3 Vie active et rémunération du travail Arbeit und Erwerb Lavoro e reddito Neuchâtel, 6 giugno 2003 N. 0352-0305-40

Censimento del 2000: popolazione attiva
Popolazione attiva in netto aumento
In base ai risultati del censimento della popolazione 2000 
dell’Ufficio federale di statistica (UST), tra il 1990 e il 2000 il 
numero di persone attive in Svizzera è aumentato del 7,9%. Questo 
aumento è pari al doppio della progressione della popolazione 
definita “in età lavorativa”. Il percorso professionale, tuttavia, 
si accorcia, dato che l’inserimento nel mercato del lavoro è sempre 
più posticipato e il pensionamento è sempre più anticipato. Se la 
presenza della popolazione sul mercato del lavoro è aumentata, è 
grazie alle madri di famiglia, la stragrande maggioranza delle quali 
oggi conserva un’attività professionale. I dati del censimento 
rivelano inoltre che la popolazione attiva sta invecchiando: in 
dieci anni, l’età media delle persone attive è passata da 38 a 39,5 
anni. Tra il 1990 e il 2000, il numero di persone attive in Svizzera 
è progredito del 7,9%, passando da 3,66 milioni a 3,95 milioni. La 
metà di questo aumento è da attribuire alla crescente partecipazione 
della popolazione al mercato del lavoro. Durante lo stesso periodo, 
infatti, la popolazione residente in età lavorativa (tra 15 e 64 
anni) è cresciuta solo del 4,2%. Il tasso d’attività netto (e cioè 
la quota di persone attive sulla popolazione tra 15 e 64 anni) è 
passato dal 76,2% nel 1990 al 78,9% nel 2000. Il tasso d’attività 
calcolato sull’insieme della popolazione (tasso d’attività lordo) è 
aumentato in misura minore (dal 53,2% al 54,2%) a causa del 
crescente peso demografico degli anziani. Al momento del censimento 
del 2000, 3,79 milioni di persone attive erano occupate e 158'000 
persone erano inoccupate. Gli inoccupati rappresentavano quindi il 
4,0% della popolazione attiva. Aumento dei tassi d’attività delle 
madri di famiglia In dieci anni, il numero di uomini attivi è calato 
leggermente (- 0,6%, da 2,21 a 2,20 milioni), mentre il numero di 
donne presenti sul mercato del lavoro è progredito sensibilmente 
(+21,0%, da 1,44 a 1,74 milioni).
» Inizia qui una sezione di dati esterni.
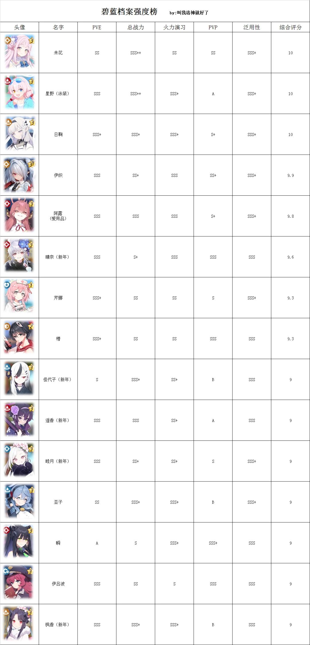 蔚蓝档案角色强度榜+全角色技能升级推荐表 本文来自阿 b 大佬: 本文仅为自己保存等游戏上线使用,不会参加任何活动。 加入新角色:爱丽丝(女仆)、柚子(女仆)、时(兔女郎) 第四批爱用品实装角色的强度调整:日奈(泳装)、日富美(泳装)、艾米、泉 原综合强度栏修改为综合评分 增加PVE栏 综合评分说明: 9-10分的都是强度非常高的角色,必练 8-8.9分的都是好用高泛用性的角色,基本上也是有就要练
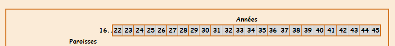Le tableau suivant donne les années civiles où au moins un décès est enregistré (éventuellement par erreur) pour chaque paroisse renseignée dans le document.
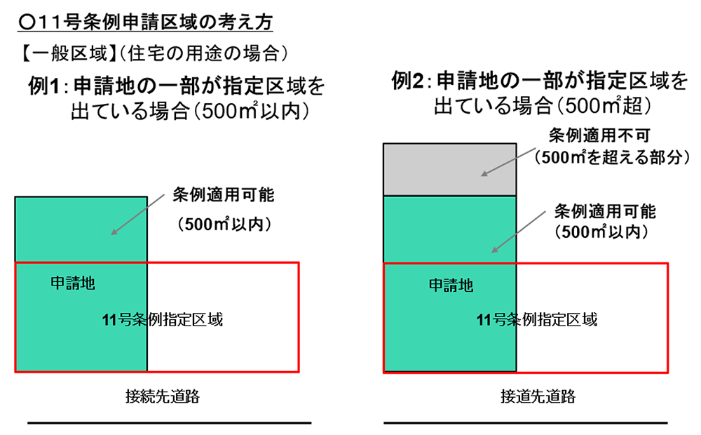 - 自己用住宅(市運用基準1号及び市運用基準2号)で開発許可を受ける土地の申請区域は指定区域(法第34条第11号適用区域)を含む敷地であることに加え、開発面積が165㎡以上500㎡以内であることが要件となります。判断例は図-1のとおりです。
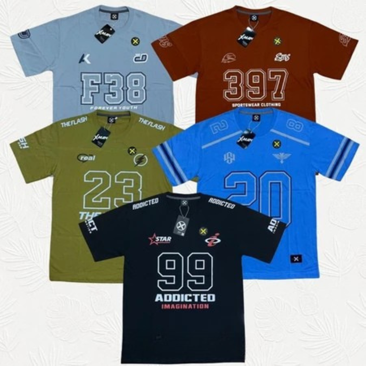 PAKET 4 PCS KAOS DISTRO MOTIF ANGKA UNISEX BAJU ATASAN PROIA WANITA BAHAN SEMI KATUN ADEM TIDAK TERAWANG TERMURAH
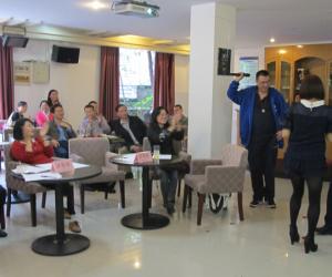 10月31日下午,太阳成tyc7111cc工会在学校工会活动室成功举办了一场教职工卡拉OK歌唱比赛活动。本次活动是太阳成tyc7111cc工会贯彻落实学校工会有关建设职工小家、丰富教职工文化生活的要求精神,在学院党政支持下举办的。本次比赛得到全体老师的积极响应,学院党政领导班子成员全程参与了这次活动。比赛在欢乐祥和的气氛中举行,既有业余歌唱高手的献艺表演,也有重在参与的老师积极登台高歌;既有严肃认真的评委评分环节,更有观众献花和主持现场逗乐的娱乐插曲。整个比赛过程欢歌笑语、高潮迭起、掌声不断。大家在轻松愉快的气氛中度过了一个有意义的周末。最后,由院长、书记以及每个系推选的代表共同组成的评委组,为本次比赛评分排出了成绩,林黎老师获得本次比赛一等奖,杨军、黄潇老师获得二等奖,严艳、吴孟、刘昌用、刘斌等老师获得三等奖。

Nel 2000, le donne rappresentavano 
il 44,2% della manodopera contro solo il 39,4% nel 1990. Nella 
fascia d’età 15-64 anni, si nota una forte crescita del tasso 
d’attività femminile (1990: 61,2%; 2000: 70,2%) e un netto calo del 
tasso d’attività maschile (1990: 90,7%; 2000: 87,5%). Hanno 
registrato un aumento del tasso d’attività solo le madri di 
famiglia: per le donne in età compresa tra 25 e 45 anni senza figli, 
il tasso d’attività è leggermente aumentato, passando dall’88,1% nel 
1990 all’90,8% nel 2000. Per le donne della stessa età con almeno un 
figlio in età compresa tra 0 e 6 anni, il rialzo è invece stato 
molto netto (dal 39,6% al 62,2%). Per le donne il cui figlio più 
giovane era in età compresa tra 7 e 14 anni il tasso d’attività è 
passato dal 59,6% al 75,7% e per quelle il cui figlio più giovane 
era in età compresa tra 15 e 20 anni dal 70,8% al 83,3%. La crescita 
dell’attività delle madri di famiglia è in corso da qualche 
decennio, come indicano le curve dei tassi d’attività femminile 
secondo l’età in base ai censimenti realizzati dal 1970 in poi: il 
vuoto dovuto al ciclo famigliare osservato tra i 25 e i 45 anni è 
sempre meno pronunciato e i tassi d’attività delle donne si 
avvicinano progressivamente a quelli degli uomini. La presenza più 
consistente delle madri di famiglia sul mercato del lavoro ha 
ovviamente favorito lo sviluppo del lavoro a tempo parziale (e 
viceversa). Nel 1990 lavorava a tempo parziale meno di una persona 
occupata su cinque (18,8%), mentre nel 2000 lo faceva una persona su 
quattro (25,9%). L’occupazione a tempo parziale resta nettamente 
dominata dalle donne: nel 2000, aveva un posto a tempo parziale il 
48,6% delle donne occupate contro solo l’8,4% degli uomini occupati. 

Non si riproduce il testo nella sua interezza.